A tax residency certificate is not sufficient to secure your tax residency

I. Summary

It is a common misconception that obtaining a tax residency certificate from a new country of residence automatically grants tax non-resident status in the previous country of residence. However, this assumption is incorrect.

In this article, we discuss a recent case decided by the Spanish Supreme Court involving a renowned football player. While the case pertains to Spanish taxation, its reasoning is based on international tax principles and may be relevant in other jurisdictions as well.

The ruling underscores the importance of seeking expert tax advice when determining an individual’s tax residency, particularly when planning a relocation.

II. Background

On July 8, 2024, the Spanish Supreme Court issued Decision No. 1214/2024 (“the Judgment”). For privacy reasons, the court redacted the identity of the football player involved. This article reflects only the facts stated in the Judgment.

The case concerns Spanish personal income tax for the year 2014. The relevant facts are as follows:

  • In 2013, the player was under contract with Chelsea Football Club in the United Kingdom (UK) but was loaned to Valencia Football Club (Spain) from July 2013 to June 2014.
  • In July 2014, he returned to Chelsea before being loaned again to VfB Stuttgart (Germany) in August 2014, where he played until 2015.
  • The Spanish tax authorities determined that in 2014, the player stayed 172 days in Spain, 30 days in the UK, and 131 days in Germany. The remaining 32 days were unaccounted for.
  • The player’s earnings in Spain amounted to €1,778,771, while his earnings in the UK and Germany combined were €1,724,237.
  • The player owned real estate in Spain valued at €360,000, two cars worth approximately €55,000, and rented an apartment in Valencia from late 2013 to May 22, 2014.
  • His father and sister resided in Spain.
  • In the UK, the player had tax resident but non-domiciled status (“non-dom”), meaning he was taxed on a remittance basis and did not remit foreign income into the UK.
  • The player paid taxes as a non-resident in Spain and Germany.
  • The player held Spanish nationality.

The player submitted a UK tax residency certificate under the Spain-UK double tax treaty (DTT) and claimed tax residency in the UK while asserting non-residency in Spain. However, the Spanish tax authorities argued that his main center of economic interests was in Spain.

III. Applicable Law

Under Spanish tax law (Article 9 of the Personal Income Tax Law), an individual is considered a tax resident in Spain if they:

  1. Stay in Spain for more than 183 days in a calendar year; or
  2. Have their main center of economic interests in Spain, directly or indirectly.

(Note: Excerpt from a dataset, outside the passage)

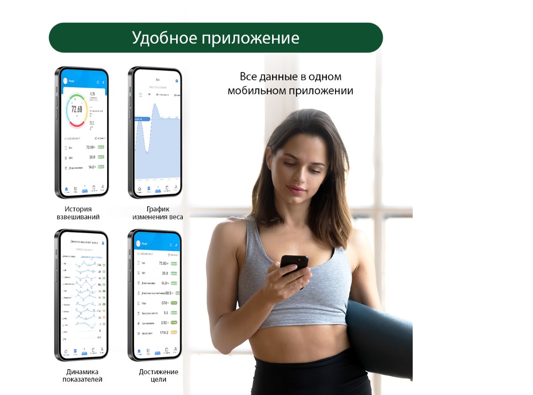 Используются для измерения уровня жира, воды, мышечной и костной массы. Весы обеспечивают взвешивание до 180 килограммов с точностью до 50 граммов, способны работать в различных единицах измерения веса (килограмм / фунт / стоун), в диапазоне значений роста от 75 до 225 сантиметров и в диапазоне значений возраста от 10 до 85 лет.
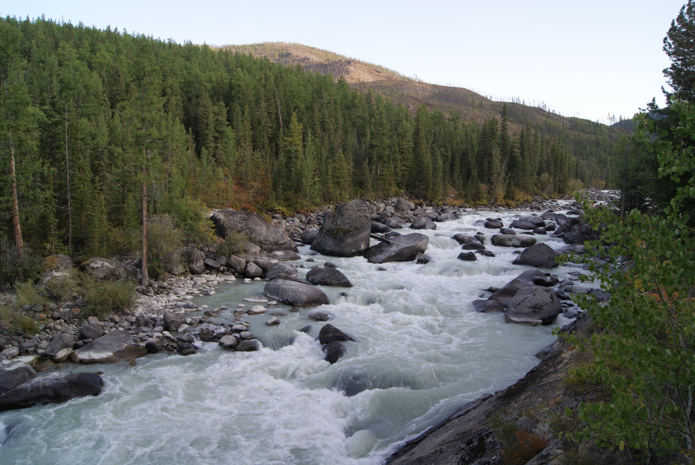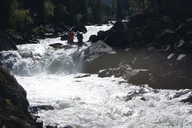 А на следующий день были последние пороги. В т.ч. Туз, на котором тоже хватило приключений. Опять далеко, очень неудобно обносить – по камням в воде. Костя с Димой прошли хорошо, пару раз, правда, сели. И у меня сразу подкатил комок к горлу. Там дальше были буруны, через которые «на одной ноге» не проскочишь. А еще навал на выходе.

The Spain-UK DTT defines tax residency based on domestic laws. If an individual qualifies as a tax resident in both Spain and the UK, the treaty provides tie-breaker rules:

  1. Residency is assigned to the state where the individual has a permanent home available.
  2. If a home is available in both states, residency is determined by the individual’s center of vital interests.
  3. If vital interests are unclear, the state of habitual abode is considered.
  4. If none of the above apply, nationality is the deciding factor.
  5. If still unresolved, the tax authorities must reach a mutual agreement.

IV. Supreme Court’s Decision

The Supreme Court ruled that the player was tax resident in Spain for 2014, upholding the Spanish tax authorities’ decision.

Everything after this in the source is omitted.